▸ Supplied entries
◇ ◇ ◇ ◇

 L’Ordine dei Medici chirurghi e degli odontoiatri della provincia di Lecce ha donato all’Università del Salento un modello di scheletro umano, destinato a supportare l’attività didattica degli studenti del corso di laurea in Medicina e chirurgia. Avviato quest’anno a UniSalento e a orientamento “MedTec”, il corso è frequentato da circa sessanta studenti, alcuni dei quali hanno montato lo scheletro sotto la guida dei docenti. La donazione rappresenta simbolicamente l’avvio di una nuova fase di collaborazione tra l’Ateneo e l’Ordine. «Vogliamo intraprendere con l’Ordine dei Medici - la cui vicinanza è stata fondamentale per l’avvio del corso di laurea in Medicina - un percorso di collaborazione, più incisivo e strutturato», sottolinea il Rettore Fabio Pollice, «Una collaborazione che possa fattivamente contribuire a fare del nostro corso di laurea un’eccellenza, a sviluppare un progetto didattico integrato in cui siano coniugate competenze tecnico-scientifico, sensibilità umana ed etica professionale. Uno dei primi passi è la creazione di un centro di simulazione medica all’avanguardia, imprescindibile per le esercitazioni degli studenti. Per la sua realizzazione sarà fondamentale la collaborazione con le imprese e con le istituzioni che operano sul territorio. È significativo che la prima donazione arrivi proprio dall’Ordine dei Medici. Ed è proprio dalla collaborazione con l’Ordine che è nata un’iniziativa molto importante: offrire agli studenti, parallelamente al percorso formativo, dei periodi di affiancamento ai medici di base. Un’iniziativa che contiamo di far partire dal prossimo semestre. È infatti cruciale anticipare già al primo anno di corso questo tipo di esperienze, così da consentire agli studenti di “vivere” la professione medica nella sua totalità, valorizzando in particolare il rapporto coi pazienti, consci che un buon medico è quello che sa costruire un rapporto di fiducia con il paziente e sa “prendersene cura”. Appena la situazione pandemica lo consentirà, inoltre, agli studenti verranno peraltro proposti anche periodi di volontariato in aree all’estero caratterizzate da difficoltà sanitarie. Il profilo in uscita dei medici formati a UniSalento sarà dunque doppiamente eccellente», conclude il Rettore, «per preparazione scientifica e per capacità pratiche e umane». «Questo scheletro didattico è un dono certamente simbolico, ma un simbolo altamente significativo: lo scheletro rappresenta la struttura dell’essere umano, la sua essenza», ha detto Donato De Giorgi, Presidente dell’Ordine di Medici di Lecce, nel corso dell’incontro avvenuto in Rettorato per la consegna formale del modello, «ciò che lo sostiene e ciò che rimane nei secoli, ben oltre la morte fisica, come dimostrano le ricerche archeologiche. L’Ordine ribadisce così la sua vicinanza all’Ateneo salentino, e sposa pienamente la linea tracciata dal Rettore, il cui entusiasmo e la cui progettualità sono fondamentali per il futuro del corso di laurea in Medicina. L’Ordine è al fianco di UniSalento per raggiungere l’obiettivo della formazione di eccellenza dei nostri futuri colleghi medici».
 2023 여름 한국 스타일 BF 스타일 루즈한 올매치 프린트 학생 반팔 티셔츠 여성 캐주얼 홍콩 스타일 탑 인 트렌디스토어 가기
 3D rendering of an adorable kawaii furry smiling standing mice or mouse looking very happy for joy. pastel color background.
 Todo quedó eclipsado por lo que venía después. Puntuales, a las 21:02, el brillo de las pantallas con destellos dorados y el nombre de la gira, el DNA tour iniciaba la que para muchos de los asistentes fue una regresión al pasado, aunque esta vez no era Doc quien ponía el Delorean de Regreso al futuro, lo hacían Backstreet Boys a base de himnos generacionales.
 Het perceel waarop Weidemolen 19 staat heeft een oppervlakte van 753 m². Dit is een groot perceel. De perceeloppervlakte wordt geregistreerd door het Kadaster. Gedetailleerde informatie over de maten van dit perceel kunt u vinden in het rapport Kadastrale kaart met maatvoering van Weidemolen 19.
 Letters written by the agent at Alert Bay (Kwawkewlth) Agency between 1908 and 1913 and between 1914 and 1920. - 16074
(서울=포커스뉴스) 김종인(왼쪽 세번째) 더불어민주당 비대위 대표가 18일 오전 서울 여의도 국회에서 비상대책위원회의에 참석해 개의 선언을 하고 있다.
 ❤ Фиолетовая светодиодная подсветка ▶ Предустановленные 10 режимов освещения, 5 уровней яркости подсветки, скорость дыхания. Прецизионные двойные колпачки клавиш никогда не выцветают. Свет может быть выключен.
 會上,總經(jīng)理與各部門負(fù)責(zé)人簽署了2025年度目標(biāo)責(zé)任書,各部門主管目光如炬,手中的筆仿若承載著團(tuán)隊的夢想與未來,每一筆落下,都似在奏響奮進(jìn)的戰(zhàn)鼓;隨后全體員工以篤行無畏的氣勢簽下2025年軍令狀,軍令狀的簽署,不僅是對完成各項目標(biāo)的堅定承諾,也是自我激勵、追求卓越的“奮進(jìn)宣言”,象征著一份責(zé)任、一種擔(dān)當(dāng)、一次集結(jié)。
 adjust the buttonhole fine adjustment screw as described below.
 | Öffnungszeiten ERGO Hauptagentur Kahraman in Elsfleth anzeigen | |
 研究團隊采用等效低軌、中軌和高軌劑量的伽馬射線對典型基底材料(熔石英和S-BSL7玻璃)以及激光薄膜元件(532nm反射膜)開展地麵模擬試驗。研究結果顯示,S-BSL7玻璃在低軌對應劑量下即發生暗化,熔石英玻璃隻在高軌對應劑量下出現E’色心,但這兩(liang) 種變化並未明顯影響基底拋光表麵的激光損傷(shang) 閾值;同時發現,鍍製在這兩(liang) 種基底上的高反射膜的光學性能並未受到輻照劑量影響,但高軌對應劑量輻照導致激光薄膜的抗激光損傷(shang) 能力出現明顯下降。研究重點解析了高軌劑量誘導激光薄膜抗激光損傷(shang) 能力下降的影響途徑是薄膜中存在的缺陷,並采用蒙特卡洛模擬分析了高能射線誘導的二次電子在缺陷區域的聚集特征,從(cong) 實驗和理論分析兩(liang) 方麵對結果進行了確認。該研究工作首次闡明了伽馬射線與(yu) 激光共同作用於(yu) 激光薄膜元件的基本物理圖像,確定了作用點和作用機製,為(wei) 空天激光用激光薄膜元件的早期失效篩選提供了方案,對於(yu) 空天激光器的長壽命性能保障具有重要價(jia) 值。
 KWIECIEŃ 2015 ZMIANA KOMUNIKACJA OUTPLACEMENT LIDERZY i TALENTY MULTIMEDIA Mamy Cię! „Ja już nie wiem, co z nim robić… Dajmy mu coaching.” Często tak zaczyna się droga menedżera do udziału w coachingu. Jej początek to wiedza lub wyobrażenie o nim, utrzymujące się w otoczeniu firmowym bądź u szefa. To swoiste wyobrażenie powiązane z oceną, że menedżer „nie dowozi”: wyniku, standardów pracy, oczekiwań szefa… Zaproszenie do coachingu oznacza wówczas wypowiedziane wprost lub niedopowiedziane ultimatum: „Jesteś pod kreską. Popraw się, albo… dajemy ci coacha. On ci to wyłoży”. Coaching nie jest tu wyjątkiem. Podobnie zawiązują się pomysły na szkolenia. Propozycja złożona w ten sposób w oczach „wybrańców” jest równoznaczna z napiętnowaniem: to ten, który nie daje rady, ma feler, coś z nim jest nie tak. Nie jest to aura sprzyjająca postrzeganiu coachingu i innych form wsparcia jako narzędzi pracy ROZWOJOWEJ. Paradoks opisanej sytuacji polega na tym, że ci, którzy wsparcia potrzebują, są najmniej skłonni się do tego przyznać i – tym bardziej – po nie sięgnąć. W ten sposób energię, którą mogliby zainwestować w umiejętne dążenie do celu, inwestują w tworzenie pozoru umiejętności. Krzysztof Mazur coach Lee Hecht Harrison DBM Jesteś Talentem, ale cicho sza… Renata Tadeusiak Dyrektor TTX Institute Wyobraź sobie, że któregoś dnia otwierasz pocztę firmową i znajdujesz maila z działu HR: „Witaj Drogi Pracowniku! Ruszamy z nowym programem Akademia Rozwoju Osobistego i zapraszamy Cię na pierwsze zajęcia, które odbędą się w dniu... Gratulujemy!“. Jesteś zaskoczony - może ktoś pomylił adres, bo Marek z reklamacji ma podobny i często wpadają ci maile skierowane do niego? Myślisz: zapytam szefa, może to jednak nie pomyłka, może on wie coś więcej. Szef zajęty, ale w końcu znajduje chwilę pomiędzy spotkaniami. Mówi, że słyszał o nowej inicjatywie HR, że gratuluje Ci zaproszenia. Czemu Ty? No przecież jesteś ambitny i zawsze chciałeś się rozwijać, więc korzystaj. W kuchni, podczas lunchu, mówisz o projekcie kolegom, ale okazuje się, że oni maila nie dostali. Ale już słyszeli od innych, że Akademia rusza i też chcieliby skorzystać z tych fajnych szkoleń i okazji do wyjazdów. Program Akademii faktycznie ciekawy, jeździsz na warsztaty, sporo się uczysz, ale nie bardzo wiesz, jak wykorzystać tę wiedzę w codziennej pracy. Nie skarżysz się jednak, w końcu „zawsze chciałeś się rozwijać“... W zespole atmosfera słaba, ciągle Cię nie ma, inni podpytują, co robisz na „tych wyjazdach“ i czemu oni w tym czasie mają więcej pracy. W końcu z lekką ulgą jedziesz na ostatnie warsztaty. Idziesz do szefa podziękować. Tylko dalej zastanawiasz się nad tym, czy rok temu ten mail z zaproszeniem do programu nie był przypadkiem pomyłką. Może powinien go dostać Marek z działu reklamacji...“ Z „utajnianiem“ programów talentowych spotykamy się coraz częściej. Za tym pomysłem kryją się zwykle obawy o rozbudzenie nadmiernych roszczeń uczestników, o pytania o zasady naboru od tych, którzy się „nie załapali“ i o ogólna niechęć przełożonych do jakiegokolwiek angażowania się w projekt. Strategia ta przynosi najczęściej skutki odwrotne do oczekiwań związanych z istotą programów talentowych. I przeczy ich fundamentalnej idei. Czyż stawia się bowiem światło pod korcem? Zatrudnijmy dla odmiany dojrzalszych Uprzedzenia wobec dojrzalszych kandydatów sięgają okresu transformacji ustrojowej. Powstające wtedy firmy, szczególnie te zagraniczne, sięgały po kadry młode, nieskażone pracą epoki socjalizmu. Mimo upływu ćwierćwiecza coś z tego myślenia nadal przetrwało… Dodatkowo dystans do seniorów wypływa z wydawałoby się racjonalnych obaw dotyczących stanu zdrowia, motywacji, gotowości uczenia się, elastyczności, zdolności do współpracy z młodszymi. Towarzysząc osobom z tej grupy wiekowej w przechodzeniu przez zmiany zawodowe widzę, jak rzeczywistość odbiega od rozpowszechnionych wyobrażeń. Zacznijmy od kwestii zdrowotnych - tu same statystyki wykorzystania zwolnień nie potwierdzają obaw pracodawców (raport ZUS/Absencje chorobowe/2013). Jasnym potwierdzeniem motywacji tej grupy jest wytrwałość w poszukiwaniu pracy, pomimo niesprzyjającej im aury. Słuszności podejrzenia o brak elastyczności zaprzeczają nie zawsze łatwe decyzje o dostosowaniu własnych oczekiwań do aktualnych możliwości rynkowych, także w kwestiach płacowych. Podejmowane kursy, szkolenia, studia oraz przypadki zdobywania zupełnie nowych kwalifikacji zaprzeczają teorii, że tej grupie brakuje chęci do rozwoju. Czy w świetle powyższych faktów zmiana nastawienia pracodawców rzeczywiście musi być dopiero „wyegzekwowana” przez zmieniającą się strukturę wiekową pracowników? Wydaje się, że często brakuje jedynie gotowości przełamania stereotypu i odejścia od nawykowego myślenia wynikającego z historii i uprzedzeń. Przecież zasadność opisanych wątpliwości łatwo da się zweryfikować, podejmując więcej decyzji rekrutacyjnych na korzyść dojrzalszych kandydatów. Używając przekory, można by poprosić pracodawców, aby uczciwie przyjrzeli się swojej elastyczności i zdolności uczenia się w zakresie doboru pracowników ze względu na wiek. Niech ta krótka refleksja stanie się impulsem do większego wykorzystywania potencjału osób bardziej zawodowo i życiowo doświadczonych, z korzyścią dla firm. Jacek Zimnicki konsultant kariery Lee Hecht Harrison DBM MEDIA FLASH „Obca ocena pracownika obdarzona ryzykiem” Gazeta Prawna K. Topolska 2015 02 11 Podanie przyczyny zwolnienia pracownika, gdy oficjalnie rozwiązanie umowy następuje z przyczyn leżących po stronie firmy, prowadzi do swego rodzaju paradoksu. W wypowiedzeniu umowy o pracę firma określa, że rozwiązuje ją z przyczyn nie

◇ ◇ ◇ ◇

▸ What to do
Above are the records; repeat exactly the lines from the one holding "Todo quedó eclipsado" down to the one holding "может быть выключен.", end lines included.

▸ Expected answer
 Todo quedó eclipsado por lo que venía después. Puntuales, a las 21:02, el brillo de las pantallas con destellos dorados y el nombre de la gira, el DNA tour iniciaba la que para muchos de los asistentes fue una regresión al pasado, aunque esta vez no era Doc quien ponía el Delorean de Regreso al futuro, lo hacían Backstreet Boys a base de himnos generacionales.
 Het perceel waarop Weidemolen 19 staat heeft een oppervlakte van 753 m². Dit is een groot perceel. De perceeloppervlakte wordt geregistreerd door het Kadaster. Gedetailleerde informatie over de maten van dit perceel kunt u vinden in het rapport Kadastrale kaart met maatvoering van Weidemolen 19.
 Letters written by the agent at Alert Bay (Kwawkewlth) Agency between 1908 and 1913 and between 1914 and 1920. - 16074
(서울=포커스뉴스) 김종인(왼쪽 세번째) 더불어민주당 비대위 대표가 18일 오전 서울 여의도 국회에서 비상대책위원회의에 참석해 개의 선언을 하고 있다.
 ❤ Фиолетовая светодиодная подсветка ▶ Предустановленные 10 режимов освещения, 5 уровней яркости подсветки, скорость дыхания. Прецизионные двойные колпачки клавиш никогда не выцветают. Свет может быть выключен.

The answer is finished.